For any $n \ge 0$, the number of solutions of $z=n$ is $P_1(n) = 1$.
For any $n \ge 0$, the number of solutions of $y+z=n$ is $P_2(n) = P_1(n) + P_1(n-1) + \ldots P_1(0) = (n+1)*1 = n+1$.
For any $n \ge 0$, the number of solutions of $2x+y+z=n$ is $P_3(n) = P_2(n) + P_2(n-2) + \ldots $. It starts to get tricky : I have to separate two cases accorging to the parity of $n$ : $$ P_3(2m) = (2m+1) + (2m-1) + \ldots + (1) = (m+1)^2 = (n^2+4n+4)/4 $$ $$ P_3(2m+1) = (2m+2) + (2m) + \ldots + (2) = (m+1)(m+2) = (n^2+4n+3)/4$$
For the last step, you have to split into 6 cases so I will only do the one you need : $$P_4(6m+4) = P_3(6m+4) + P_3(6m+1) + \ldots + P_3(1) = \Sigma_{k=0}^m P_3(6k+1) + P_3(6k+4) $$ $$ = \Sigma_{k=0}^m ((6k+1)^2 + 4(6k+1)+3 + (6k+4)^2 + 4(6k+4)+4)/4 = \Sigma_{k=0}^m 18k^2+27k+11 $$ $$ = 3m(m+1)(2m+1)+27m(m+1)/2+11(m+1) = (12m^3 + 45m^2 + 55m +22)/2 $$
So $P_4(40) = P_4(6*6+4) = 2282$.
Building on dohmatob's answer, here is a Pseudo Polynomial algorithm in Python, using Dynamic Programming.

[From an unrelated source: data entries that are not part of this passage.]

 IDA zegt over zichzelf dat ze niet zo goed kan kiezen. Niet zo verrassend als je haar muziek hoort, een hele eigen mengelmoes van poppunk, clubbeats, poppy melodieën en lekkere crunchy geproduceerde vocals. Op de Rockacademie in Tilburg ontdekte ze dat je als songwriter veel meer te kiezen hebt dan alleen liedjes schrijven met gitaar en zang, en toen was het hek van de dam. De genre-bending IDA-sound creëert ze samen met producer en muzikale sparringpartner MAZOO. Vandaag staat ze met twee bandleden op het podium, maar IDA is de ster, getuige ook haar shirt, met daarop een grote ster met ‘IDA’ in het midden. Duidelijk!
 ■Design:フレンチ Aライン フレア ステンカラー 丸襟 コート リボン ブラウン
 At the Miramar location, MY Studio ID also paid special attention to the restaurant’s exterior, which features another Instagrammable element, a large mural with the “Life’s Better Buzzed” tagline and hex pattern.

Its time (and memory) complexity is O(U*N) where N is the target sum (47 in your example) and U is the number of terms/unknowns.
def diophantine_count(a, n):
# Dynamic Programming storage.
# dp[i][j] is the number of ways to get a sum of exactly
# "i", only using the "j" first terms of the equation
dp = [[0] * len(a) for _ in range(n+1)]
# Base case.
# There is a single way of obtaining a sum of 0
# (with a value of zero for all the variables)
dp[0] = [1]*len(a)
for i in xrange(1, n+1):
for j, c in enumerate(a):
# dp[j][i] can be obtained adding two sub-cases:
# (1). using one term less (j-1), and still target the same sum (i)

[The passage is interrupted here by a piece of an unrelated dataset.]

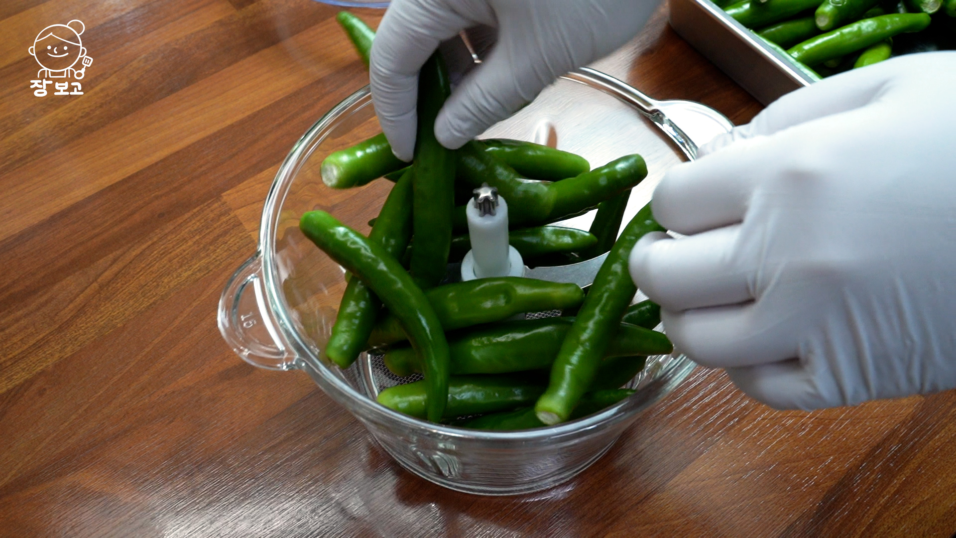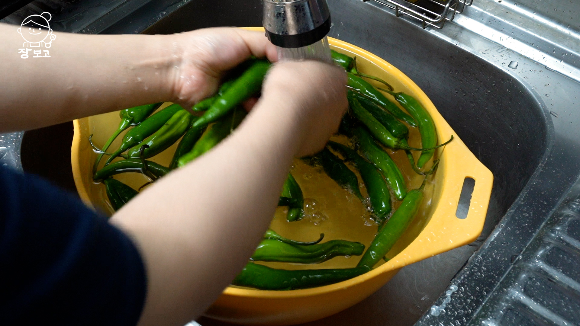 1. 고추는 베이킹소다 1큰술 넣고 10분간 담가 잔류농약과 불순물을 제거한다. 흐르는 물에 깨끗이 씻고 키친타월로 물기를 제거한 뒤 꼭지를 제거한다. (미리 꼭지를 따고 씻으면 물이 들어가 변질될 수 있다) 물기를 완전히 말려준다.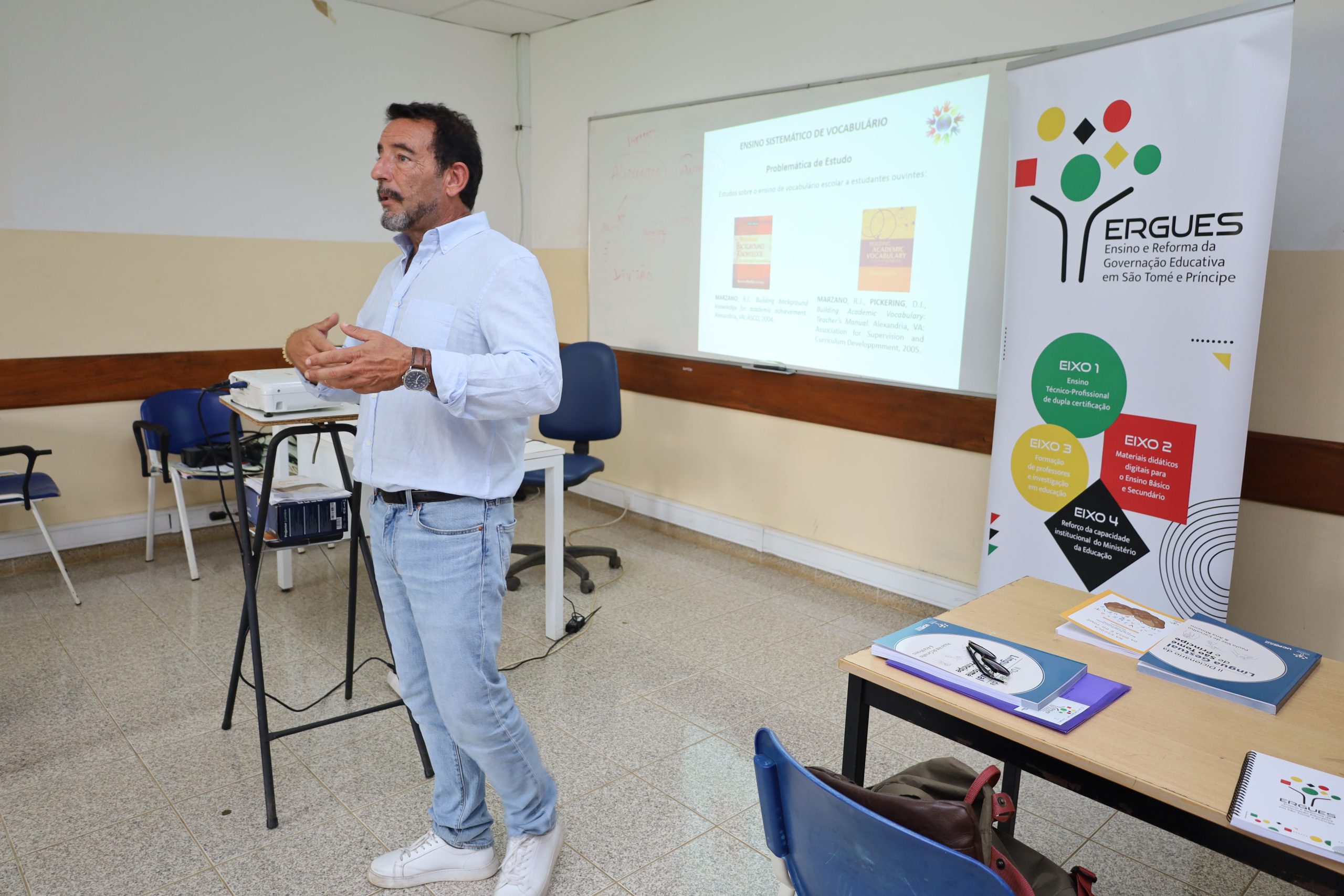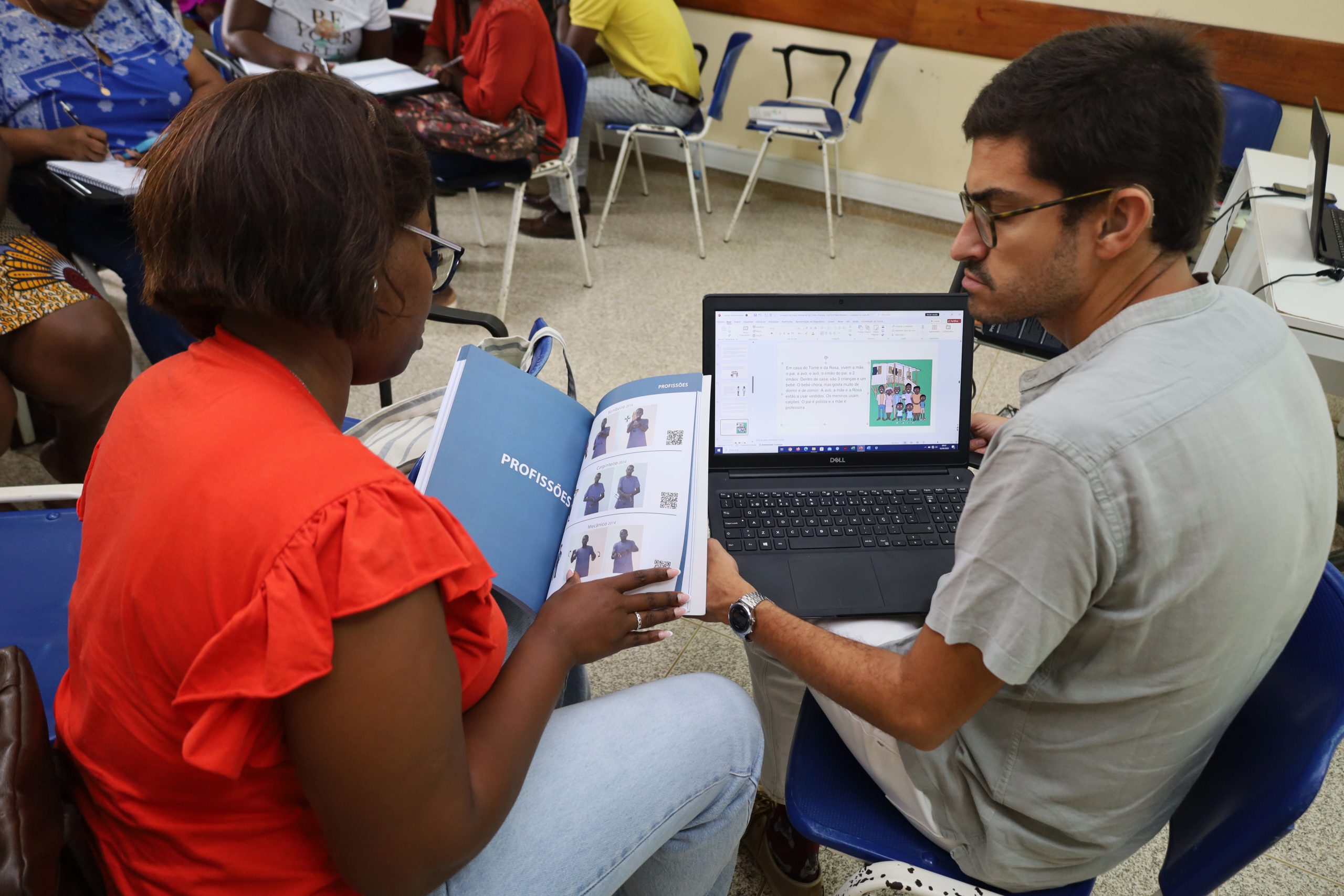 Nesta missão, destacou-se ainda a dinamização de dois cursos de formação na área da educação de surdos. “A educação de surdos é extremamente importante para proporcionar uma verdadeira inclusão”, segundo Adaimé Neto, docente e uma das formadoras dos Cursos “Educação de Surdos II” e “Língua Gestual de São Tomé e Príncipe II” (nível elementar), que decorreram nas manhãs dos dias 15 a 26 de setembro, no Centro de Formação Profissional Brasil-São Tomé e Príncipe. Estas formações, dirigidas a docentes dos ensinos básico e secundário, nomeadamente das escolas que acolhem alunos com surdez ou défice auditivo e que frequentaram os cursos nível I em 2024, foram dinamizadas por especialista da equipa da Universidade Católica Portuguesa, Paulo Vaz de Carvalho, Mara Moita e Sebastião Palha. Estes cursos visaram o aprofundamento de conhecimentos e competências no domínio do ensino e inclusão dos jovens surdos em sala de aula. Adaimé Neto considerou ainda que “esta formação é essencial para implementar a mudança no sistema educativo e na sociedade, permitindo que todos tenham as mesmas oportunidades na educação, acessibilidade e uma verdadeira Inclusão.”

# (2). using the same terms (j), but target a (i-c) sum,
# where c is the coefficient of the term eliminated in (1).
# This is because all the solutions for (i-c) are also solutions
# for i by adding a c to each of them.
s1, s2 = 0, 0
if j > 0:
s1 = dp[i][j-1]
if i >= c:
s2 = dp[i-c][j]
dp[i][j] = s1 + s2
return dp[n][len(a)-1]
Here's an example on how to use it, adjusting the equation to obtain the count of non-zero solutions as suggested by mercio.

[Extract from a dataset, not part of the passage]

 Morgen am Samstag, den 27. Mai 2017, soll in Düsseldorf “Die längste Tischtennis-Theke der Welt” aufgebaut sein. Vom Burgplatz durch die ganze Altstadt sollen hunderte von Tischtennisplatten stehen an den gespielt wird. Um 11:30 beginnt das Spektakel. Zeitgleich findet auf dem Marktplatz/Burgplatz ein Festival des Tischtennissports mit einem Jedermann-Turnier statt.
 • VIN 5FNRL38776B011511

>>> diophantine_count([3, 2, 1, 1], 40)
2282
Let $\mathbb{N} := \{0, 1, 2, ...\}$ be the set of natural numbers (i.e nonnegative integers). Given $N\in\mathbb{N}\backslash\{0\}$, $n\in\mathbb{N}$, and $(a_1, a_2, ..., a_N) \in\mathbb{N}^N$, let $P_{N}(a_1, a_2, ..., a_N, n)$ be the number of solutions to the linear Diophatine equation \begin{equation} \sum_{k=1}^N{a_kx_k} = n, \space x\in\mathbb{N}^N \end{equation}
Note that $P_{N}$ defines a function from $\mathbb{N}^{N+1}$ to $\mathbb{N}\backslash\{0\}$.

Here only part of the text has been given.